Simulations performed with the default versions of the Energy Exascale Earth System Model (E3SMv1) and the Community Earth System Model (CESM2) produce relative humidity values greater than 110% with respect to liquid water and greater than 200% with respect to ice in instantaneous model output. These extreme values of supersaturation are found primarily in the extratropical and polar regions. Supersaturation has an impact on latent heat release, aerosols, clouds, and radiation, so properly representing it in our models is important.

To understand the impact of process coupling and the choice of model timestep on these extreme values of supersaturation we perform extensive sensitivity tests using single column simulations in both E3SMv1 and CESM2. We find that decreasing process timesteps decreases the magnitude and frequency of extreme values of relative humidity, especially when the microphysical timestep is decreased.
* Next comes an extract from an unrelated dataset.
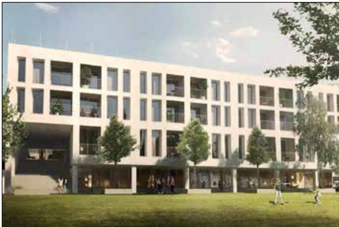
Studie nového bytového domu

Právě o vývoji v obchodním centru Vysočina vás informuji pravidelně, protože stejně jako vy cítím, že se jedná o důležitou stavbu v samém cen- tru obce. Dovolím si malou rekapitulaci současných vlastnických poměrů a plánů jednotlivých vlastníků. Naše městská část, město Brno, ani stát nevlastní v areálu žádné budovy. Přímý vliv na to, co se zde bude dít, jaké tady budou obchody a služby, tedy nemáme. Přesto chceme, aby celý areál co nejlépe sloužil občanům a také aby nějak vypadal. Hlavní slovo v tom budou mít současní majitelé a my jsme připraveni s nimi jednat a jejich užitečným, rozumným a moderním nápadům na rekon- strukci vyjít vstříc, protože současná podoba celého objektu je neuspo- kojivá, jeho technický stav je zanedbaný a oku nelahodící. Věřím však, že se blýská na lepší časy.

Guided by these simulations, we run simulations with the global models to better understand how reducing the microphysical timestep impacts values of extreme supersaturation.

Although values of extreme supersaturation can be reduced by altering model timesteps, strong supersaturation with respect to liquid water still remains. Although it is physical for supersaturation with respect to liquid water to exist, a saturation adjustment which removes these supersaturations after the microphysics has been used in previous versions of CESM. We run 10-year simulations with both the CESM2 and E3SMv1 with this saturation adjustment turned on and off to see the impact of completely removing supersaturation with respect to liquid water after microphysics. Applying this saturation adjustment decreases liquid water path towards the poles, which is associated with an increase in shortwave cloud forcing.